» **RAW DATA**:
________________

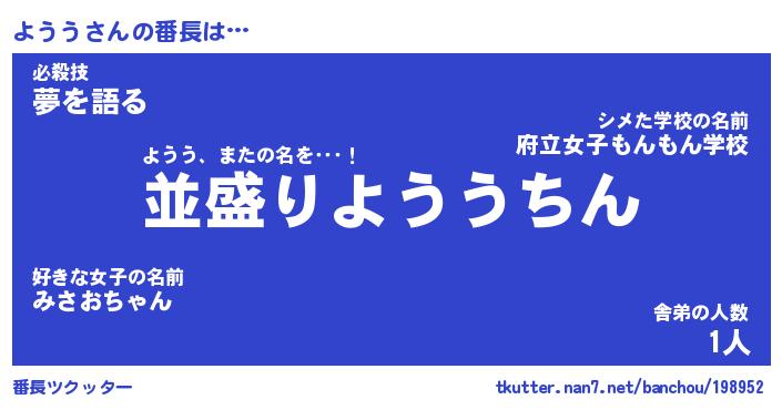 | 男性向けラノベタイトル風あだ名 | 『よううの憂鬱』 |
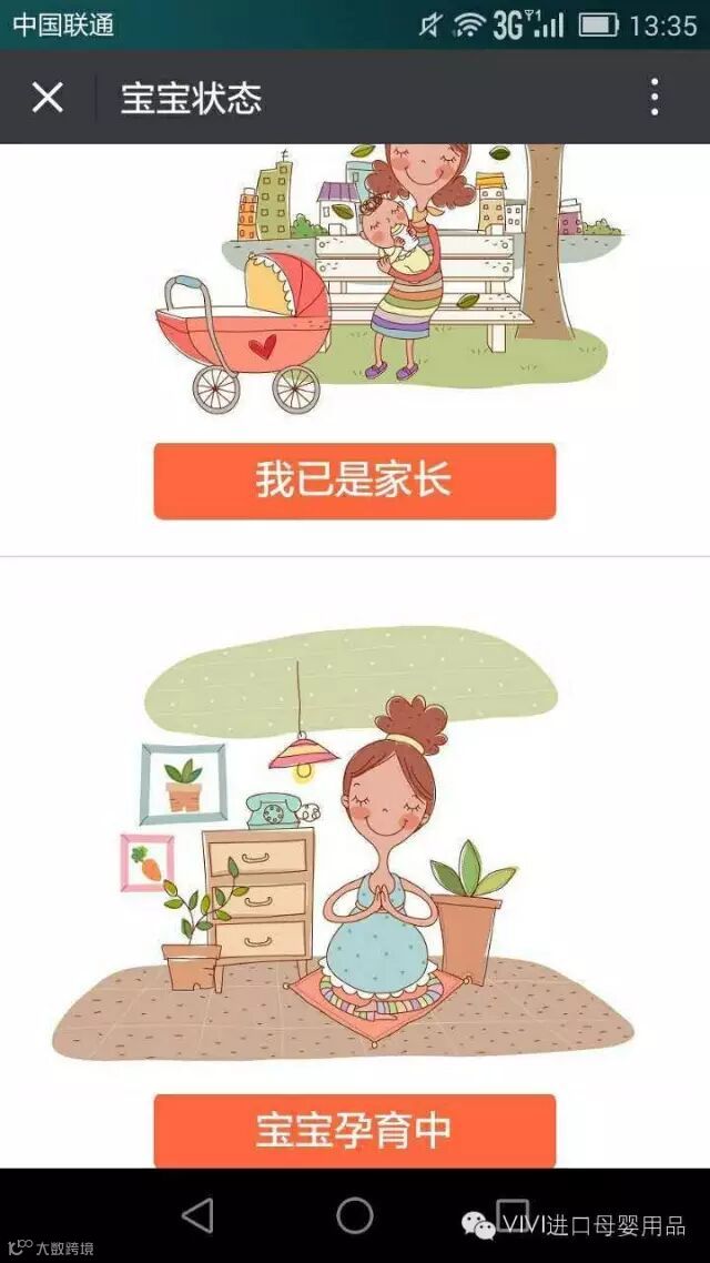 1、微信关注“VIVI进口母婴用品”点击“点击注册”,选择宝宝状态信息。
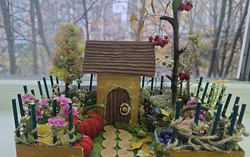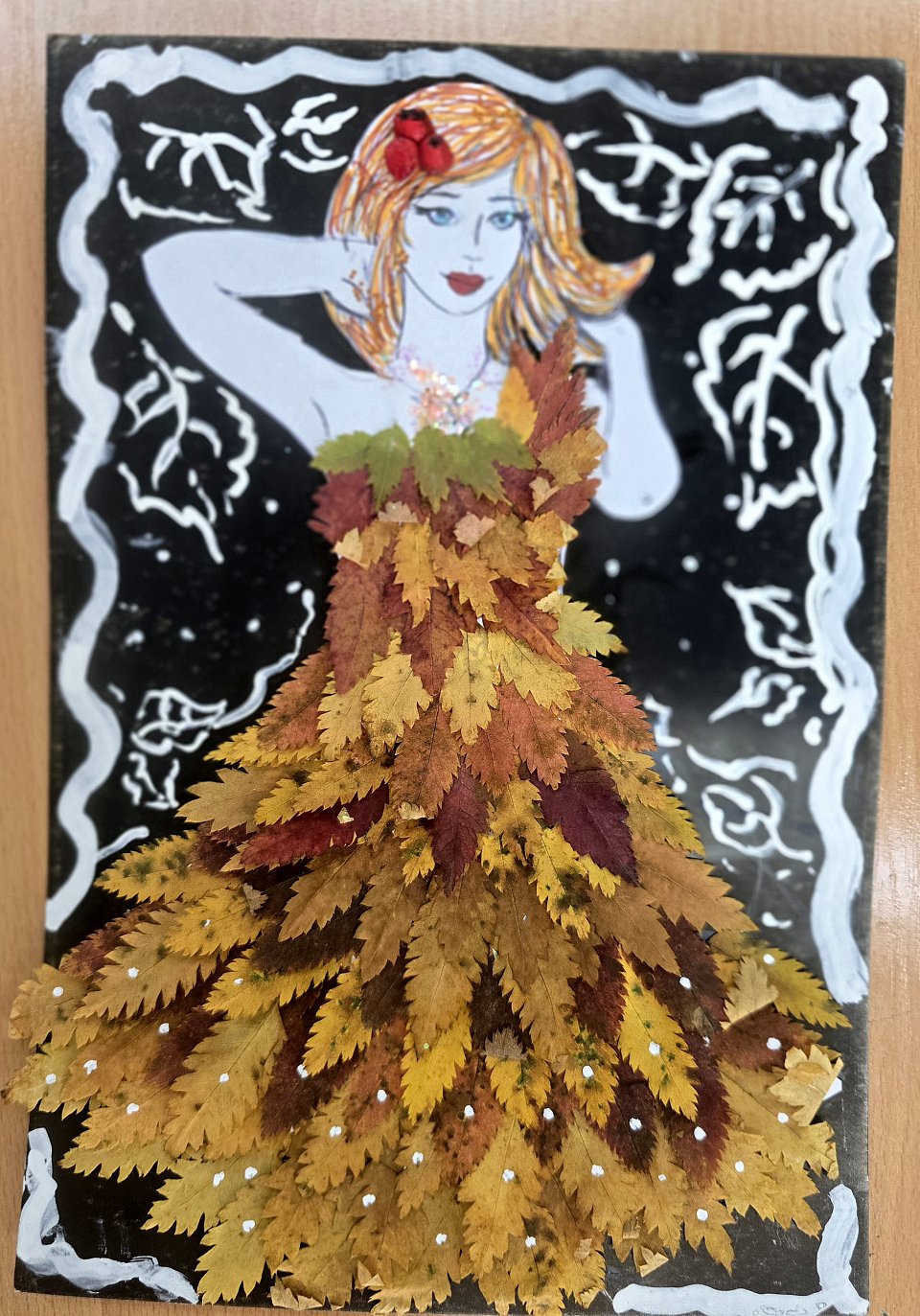 Плоскостное изображение осенней хозяйки природы. Аппликация. Засушенные листья

________________

» **ASSIGNMENT**:
Whenever a picture appears in the listing, leave it out; copy everything else exactly.

» **EXERCISE SOLUTION**:
 | 男性向けラノベタイトル風あだ名 | 『よううの憂鬱』 |
 1、微信关注“VIVI进口母婴用品”点击“点击注册”,选择宝宝状态信息。
 Плоскостное изображение осенней хозяйки природы. Аппликация. Засушенные листья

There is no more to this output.